Son mode opératoire s’apparente à celui des agents immobiliers. La société propose aux propriétaires de bases vie ou de « bâtiments temporaires transportables », entreprises de BTP, associations ou collectivités, de valoriser un actif qui leur est devenu inutile mais qui reste coûteux (destruction ou déplacement et stockage).

« Camposphère n’achète pas de bâtiments temporaires, mais intervient en monteur d’affaires créateur de valeur, précise Etienne Morin. (…) Lorsqu’un propriétaire n’a plus l’utilité de son bâtiment et qu’il veut s’en débarrasser, nous recherchons d’abord un repreneur potentiel. Nous sélectionnons ensuite un prestataire qui va soumettre à ce repreneur potentiel une offre incluant le démontage, le transport et le remontage du bâtiment sur son site. Le bâtiment est valorisé grâce à l’offre de transfert associée. Les frais d’enlèvement étant à la charge de l’acheteur, le propriétaire initial réalise des économies sur les coûts de démantèlement du bâtiment, voire un profit exceptionnel, tandis que le repreneur obtient à moindre coûts un bâtiment qui répond à ses besoins. »

Une économie à l’achat pour l’acquéreur

Concrètement, la société d’ingénierie réalise une mission d’inspection in situ (à la charge du propriétaire), évalue l’état de la configuration, chiffre le coût du démontage, du transfert et du remontage avec des prestataires spécialisés. Elle recherche ensuite un acquéreur auquel elle transmet une offre de vente et une offre de transfert.

Ce dernier peut envisager de réaliser une économie substantielle. Un gain de « 50% (…) sur une base-vie de 1 100 m² en très bon état, achetée 900 000 euros en 2014 et proposée à 450 000 », donne en exemple le gérant de Camposphère.

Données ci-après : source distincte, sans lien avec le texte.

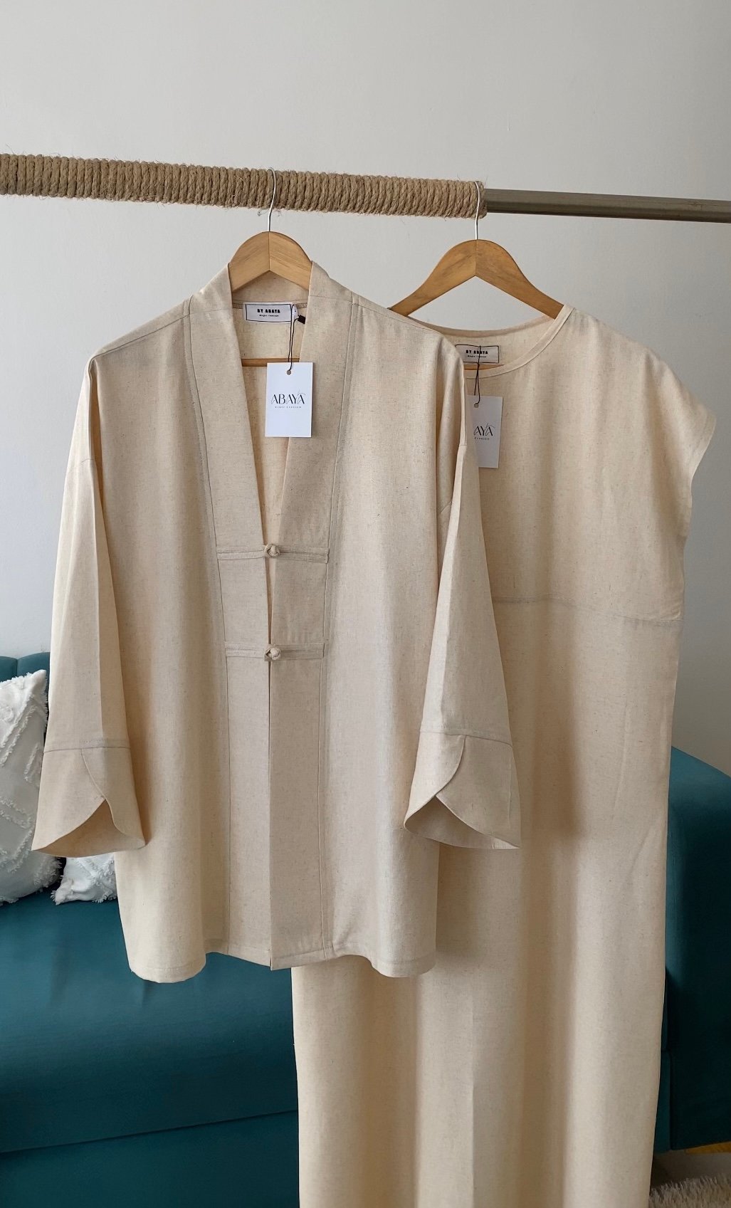 Paired with a matching inner dress, this set provides full coverage while remaining lightweight and easy to wear. Ideal for both everyday elegance and special moments, it reflects a quiet sense of luxury rooted in simplicity.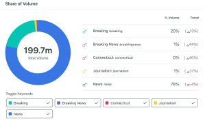 The share of volume, or amount of people talking about a hashtag and responding to it, also shows that #News and #Breaking are far more popular. When all the hashtags are compared, they make the other hashtags look like they are not being used at all.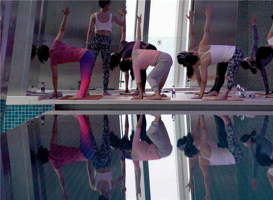 Yoga devotees practice by the swimming pool on the 78th floor of the China World Summit Wing. CHEN JIANLI/XINHUA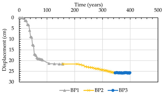 In Figure 17, the soil surface displacement results from the centrifuge test are separated into three stages depending on the groundwater levels. The first stage refers to the groundwater level as equal to the ground surface. The second stage refers to the groundwater level decreasing to 20 m below the ground surface due to groundwater pumping. The third stage refers to the groundwater level recovering to the ground surface again after groundwater pumping was controlled. The soil surface displacement results in the first stage rapidly decreased by about 21 cm. In the second stage, the displacement decreased continuously by about 2.12 cm/yr. The third stage represents the groundwater recovery period. The soil surface displacement in this stage is constant, with a rate of about 0.13 cm/yr.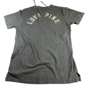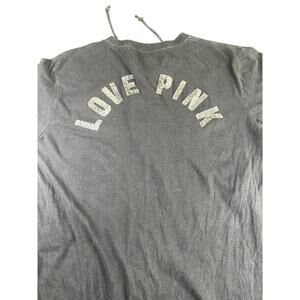 Love Pink- cotton Tee- XS- black- preowned- gunmetal sequin back- front ties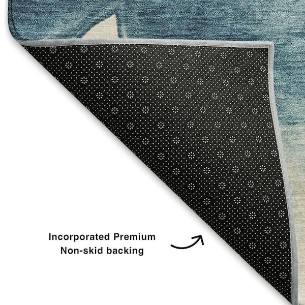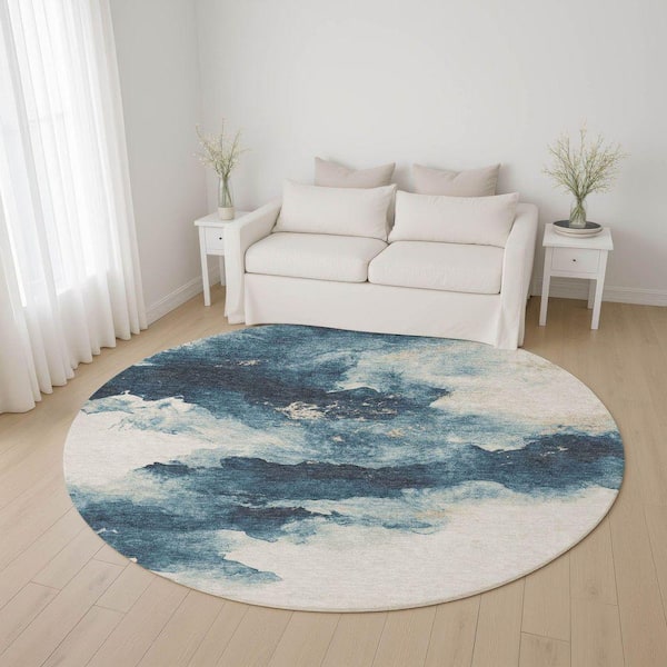 Mayfield Premium Machine Washable Abstract AMF1801 Navy 8 ft. x 8 ft. Round Rug

L’entreprise gère l’ensemble du projet. Elle aide aussi le repreneur à définir son besoin. Si nécessaire, elle se charge d’adapter les constructions modulaires à leur destination finale. Précision, la cession du bâtiment se fait directement entre le vendeur et l’acquéreur.

*Source : ACIM : Association des constructions industrialisées et modulaires, qui représente environ 90% des industriels du secteur en France.